Is this epsilon-delta proof involving the floor function correct

ceiling-and-floor-functionsepsilon-delta

I'm reading the book "Calculus a Rigorous First Course" by Daniel J Velleman. Currently stuck on exercise 11 from section 2.3 which is the following.

Use the given formula for $\delta$ to prove the limit statement.

\begin{align*}
\lim_{x\rightarrow3}\lfloor x/2 \rfloor=1 \; ,\; \delta=1
\end{align*}

My attempt was the following.

Proof. Suppose $\epsilon>0$. Let $\delta = 1$. Then

\begin{align*}
| \lfloor x/2 \rfloor – 1| < 1 = \delta=\epsilon
\end{align*}

Note, $| \lfloor x/2 \rfloor – 1| < 1$ because $2<x<4$.

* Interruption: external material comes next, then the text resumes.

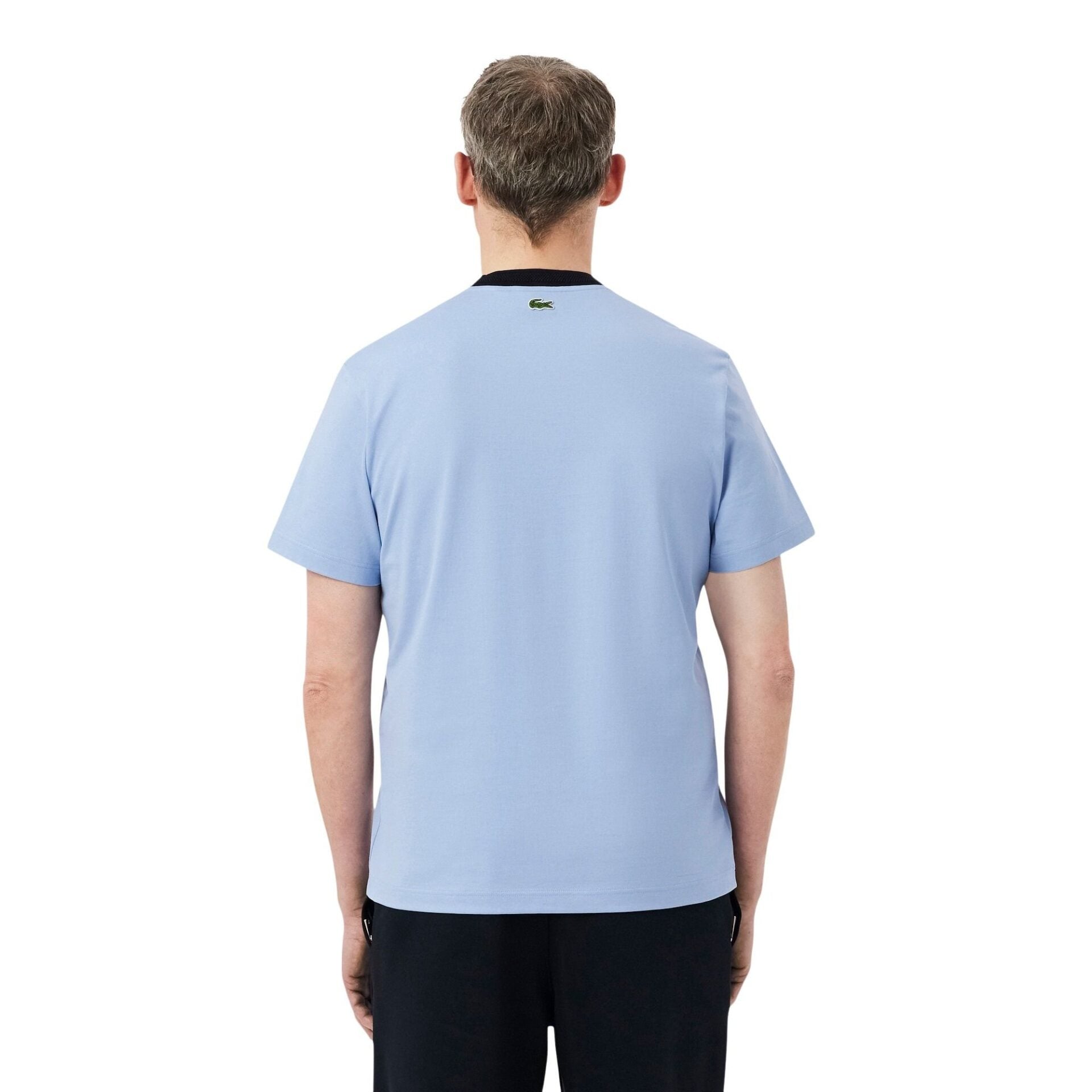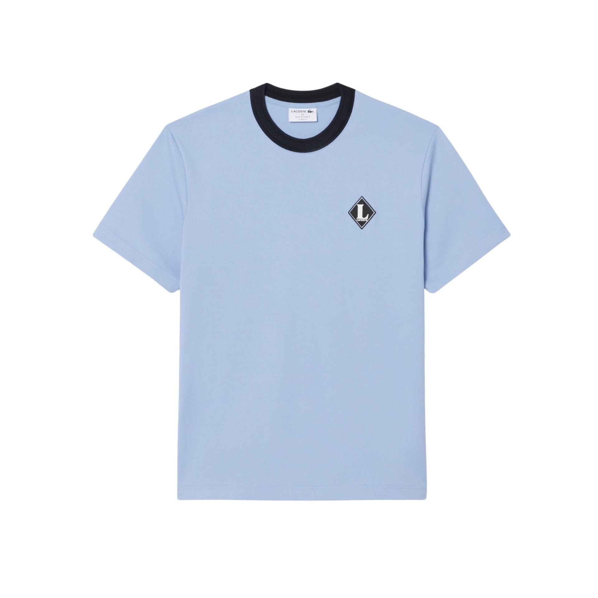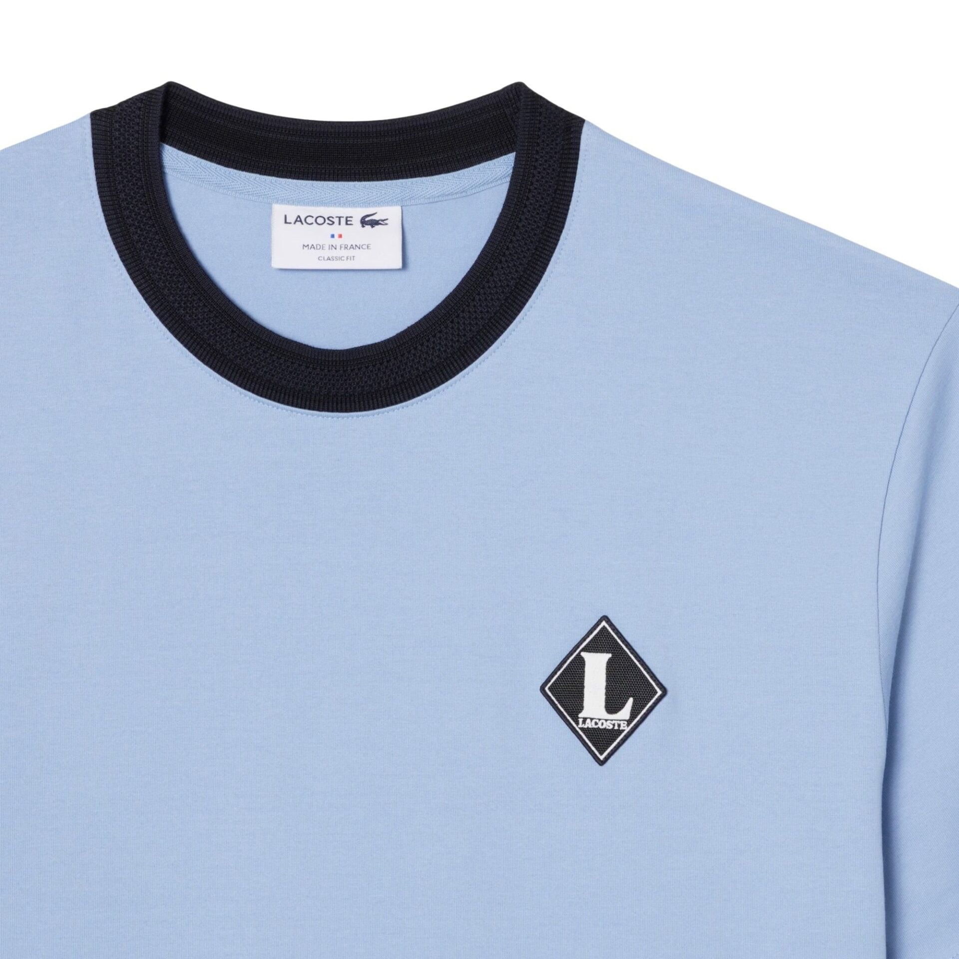 T-skjorte til herre fra Lacoste. Eksklusiv t-skjorte laget i Frankrike av myk og komfortabel bomullsjersey. Den har en retro badge på brystet og en strukturert hals med diskrete striper som gir et gjennomført uttrykk. Avsluttes med den ikoniske, broderte krokodillelogoen.

I find this proof somewhat incorrect because $\delta \neq \epsilon$. Or am I missing something about the epsilon-delta criterion?

Best Answer

You're right that $\delta \ne \epsilon$, so that doesn't belong in the proof. Also, you have skipped some steps in your writeup of the proof. In particular, you never said that you are assuming that $0 < |x - 3| < \delta$. Here's how I would write it:

Suppose $\epsilon > 0$. Let $\delta = 1$. Suppose $0 < |x - 3| < \delta$. Then $|x - 3| < 1$, so $2 < x < 4$. Therefore $1 < x/2 < 2$, so $\lfloor x/2 \rfloor = 1$ and $|\lfloor x/2 \rfloor - 1| = 0 < \epsilon$.